About the Pointer-2 Strategy

The Pointer-2 strategy is an automatic optimization engine that controls a complementary set of standard optimization techniques. It is a next generation improved version of the Pointer optimization plug-in.

The Pointer-2 strategy controls the following optimization methods:

  • Evolutionary Optimization (Evol)
  • Hooke-Jeeves
  • Sequential Quadratic Programming (NLPQLP)
  • Nelder and Mead Downhill Simplex
  • Multifunction Optimization System Tool (MOST)
  • Multi-Objective Particle Swarm Algorithm

For more information about these methods, see About the Optimization Techniques.

This complementary set of algorithms was selected because each succeeds or fails for different topography features.
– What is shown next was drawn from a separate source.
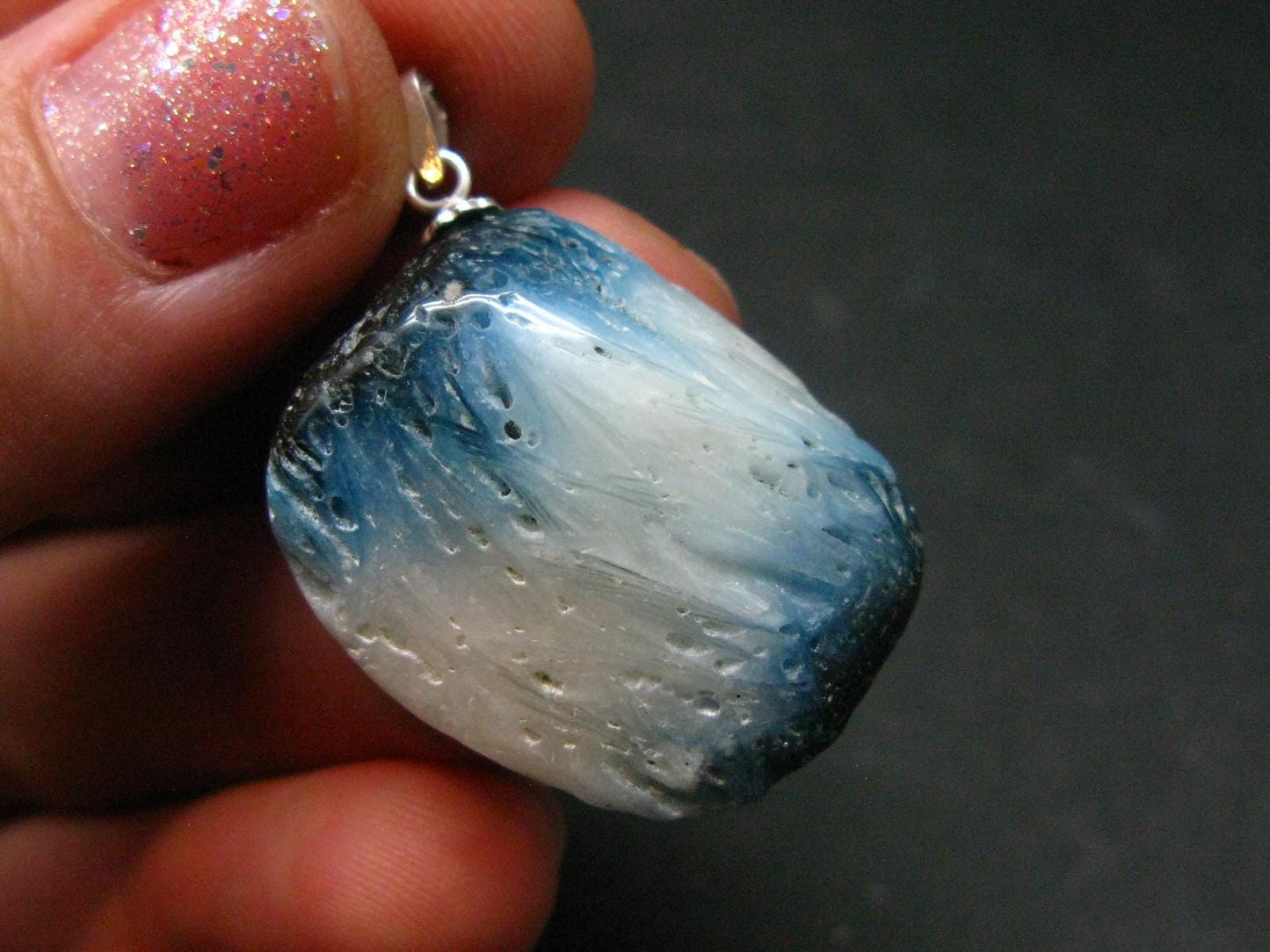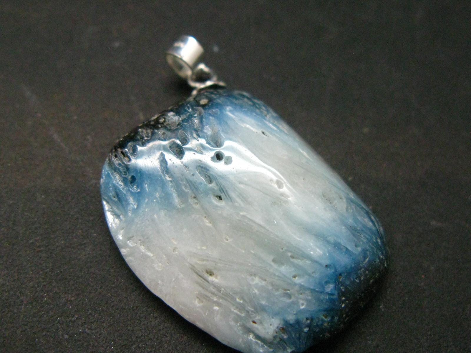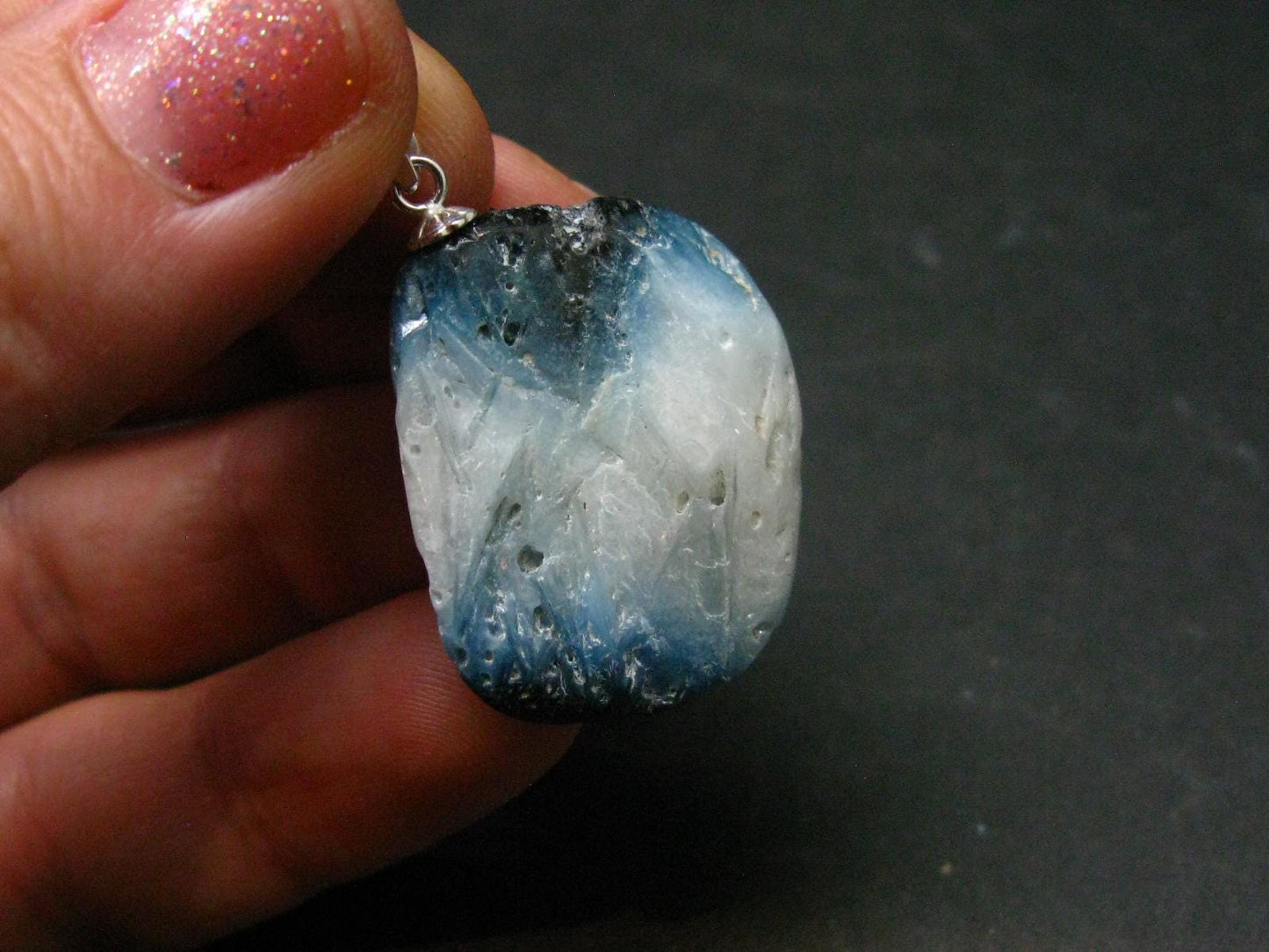 Blue Ice Glacierite Silver Pendant from Indonesia - 1.3" - 6.35 Grams

It has been found that a hybrid combination of these methods solves a broad range of design optimization problems. The Pointer-2 strategy can control one algorithm at a time or all algorithms at once. As the optimization proceeds, the strategy determines which algorithms are most successful and the optimal internal control parameters (e.g., step sizes, numbers of iterations, number of restarts, etc.). The goal of the Pointer-2 strategy is to enable the non-optimization expert to successfully utilize these optimization techniques.
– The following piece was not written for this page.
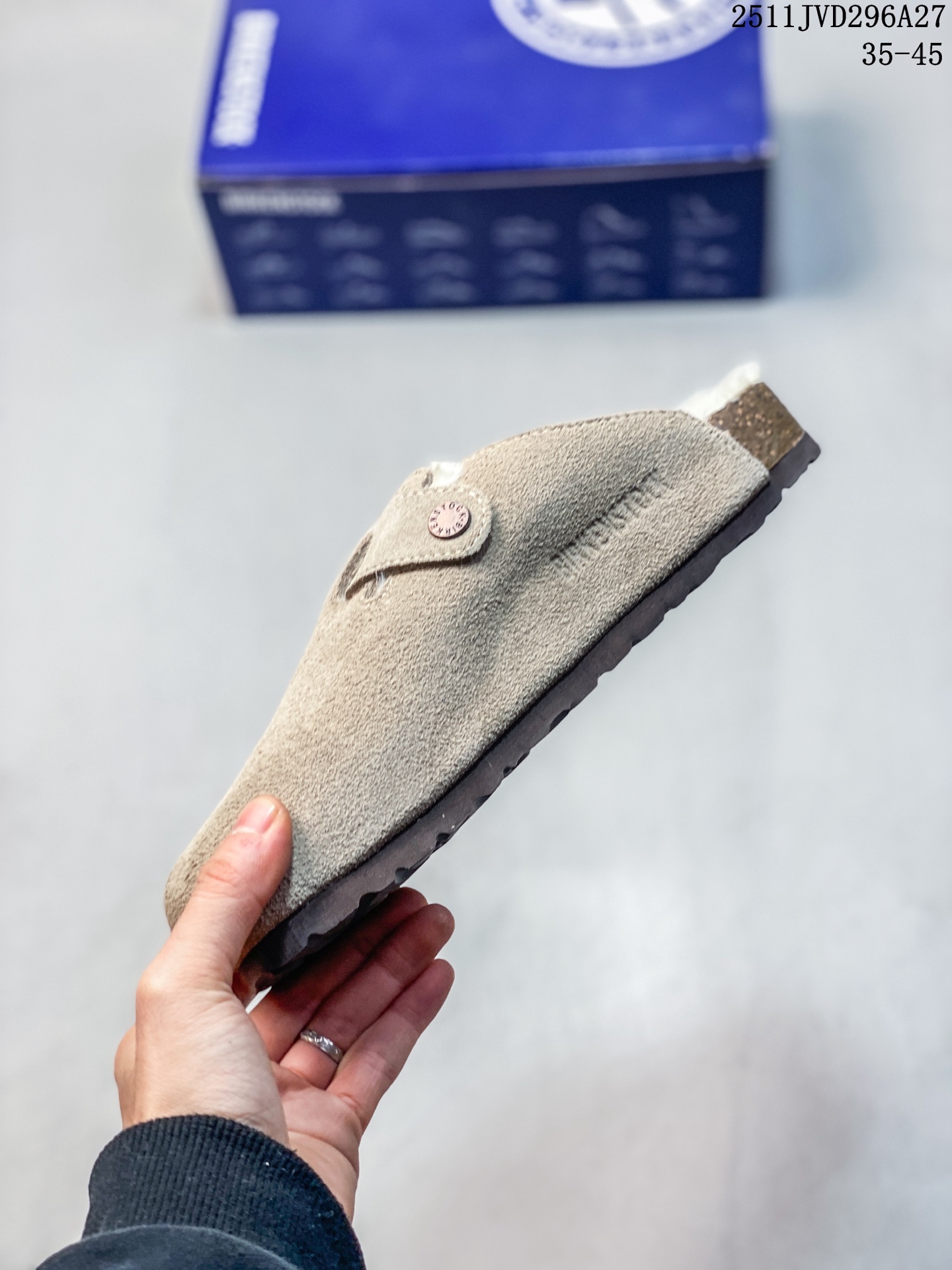 Birkenstock Boston VL 勃肯绒面金属针扣软木底包头拖鞋 牛皮绒面革质地柔软 搭配可调节鞋扣提升穿着舒适度 人体工学设计分散脚部压力 保护脚踝 软木乳胶鞋床具有一定的收缩性 长时间穿着后能贴合脚型 EVA鞋底回弹性和抗张性力高 具有良好的防震 缓冲性 四季皆宜 柔软的鞋床采用额外的泡沫缓冲层 提供额外的舒适感和全天支撑 全网独家首发 源于德国的严谨工艺 牛巴戎面 中层松木 EVA 三层组合大底 优质牛皮面料五金扣 出口订单

In addition to running optimization techniques, the Pointer-2 strategy periodically generates internal approximations using data points taken from the optimization history. The Pointer-2 strategy performs an optimization on the approximation and verifies the optimum with an exact execution. This approach can accelerate the convergence of the Pointer-2 strategy for design spaces that can be approximated accurately.

The Pointer-2 strategy also allows you to select a single technique that is used instead of the hybrid combination. This gives you the advantage of working with a technique with which you have experience to try and achieve improved performance.